Bernard Edward Barnaby FitzPatrick, 2nd Baron Castletown, KP, CMG, PC (I) (29 July 1848 – 29 May 1937) was an Anglo-Irish soldier and Conservative Member of Parliament.

Biography

Life

Castletown was the only son of John FitzPatrick, 1st Baron Castletown, and his wife Augusta Mary (née Douglas).[1] He had six sisters. He was educated at Eton and Brasenose College, Oxford, where he took second-class honours in Law and Modern History. He made the Grand Tour, then in fashion for eldest sons of the aristocracy, and viewed fighting during the Franco-Prussian War.[2]

He was appointed High Sheriff of Queen's County in 1876, and sat as Member of Parliament for Portarlington from 1880 to 1883, when he succeeded his father in the barony and entered the House of Lords.[2]

He served in the Life Guards and fought in Egypt in 1882. After he resigned from active service, he was appointed to the Reserve of Officers in 1886, serving as a volunteer officer until reaching the age limit in March 1900.[3] He was promoted major on 8 June 1896, and later lieutenant colonel in command of the 4th (Queen's County Militia) Battalion, Prince of Wales's Leinster Regiment (Royal Canadians) from October 1899, and was the first to outfit them with Irish bagpipers.[4][5] In February 1900, he left for South Africa,[6] where he was posted on special service during the Second Boer War, as Acting Assistant Adjutant-General on the HQ staff.[7] In recognition of services during the war, he was appointed a Companion of the Order of St Michael and St George (CMG) in the South African Honours list published on 26 June 1902.[8]

In early 1902, he took part in a special diplomatic mission to promote British interests in Morocco.[9]

Along with Theodore Roosevelt and Douglas Hyde and others, he was elected honorary Vice President of the Irish Literary Society of New York in 1903.[10] In 1905, he proposed a tillage farming plan along the lines of Ireland's old clan system.[11] Castletown was later Chancellor of the Royal University of Ireland between 1906 and 1910.

Theft of the Irish Crown Jewels

File:Insignia of Knight of St Patrick.jpg
An illustration of the insignia of a Knight of St Patrick

The Irish Crown Jewels were discovered missing on 6 July 1907, four days before the start of a visit to the Irish International Exhibition by King Edward VII and Queen Alexandra, at which was planned the investiture of Bernard FitzPatrick, 2nd Baron Castletown into the Order.[12] The theft is reported to have angered the King, but the visit went ahead.[13] However, the investiture ceremony was cancelled.

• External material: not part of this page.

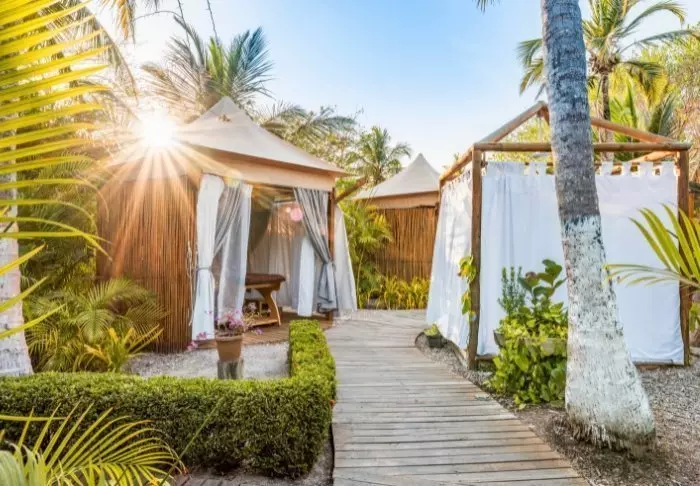 Hotellin pienestä ulkoilma-spasta on mahdollista varata erilaisia hierontoja ja hoitoja.

Also stolen were the collars of five Knight Members of the Order. The following year in 1908 he was made a Knight of the Order of St Patrick and admitted to the Irish Privy Council. His banner still hangs in St. Patrick's Hall in Dublin Castle.[14]

Family and Death

File:Bernard FitzPatrick Vanity Fair 1882-08-12.jpg
1882 Spy caricature of the 2nd Lord Castletown in Vanity Fair.

Lord Castletown married the Hon. Emily Ursula Clare St Leger, daughter of the 4th Viscount Doneraile, in 1874. The marriage was childless. Lady Castletown joined her husband in South Africa in early 1900, when he was posted there during the Second Boer War.[15]

He died on 29 May 1937 at Granston Manor, aged 87, when the barony became extinct.[16]

Castletown was particularly interested in Celtic heritage, and was among the founders of the Celtic Association, an organisation concerned with the preservation of the languages, literature, music, dress and customs of the Celtic peoples. In 1900, the Celtic Association was set up in Dublin with Castletown as president and E.E. Fournier as secretary. The Celtic Association is mainly remembered for the three Pan-Celtic Congresses it organized: the first in Dublin in 1901, the second in Caernarfon in 1904, and the last in Edinburgh in 1907.[17] The first Congress had been scheduled for 1900, but had to be postponed when Castletown was called to service in the Boer War. The Association was not without its detractors, in part because many of the Irish sympathized with the Boers.Script error: No such module "Unsubst".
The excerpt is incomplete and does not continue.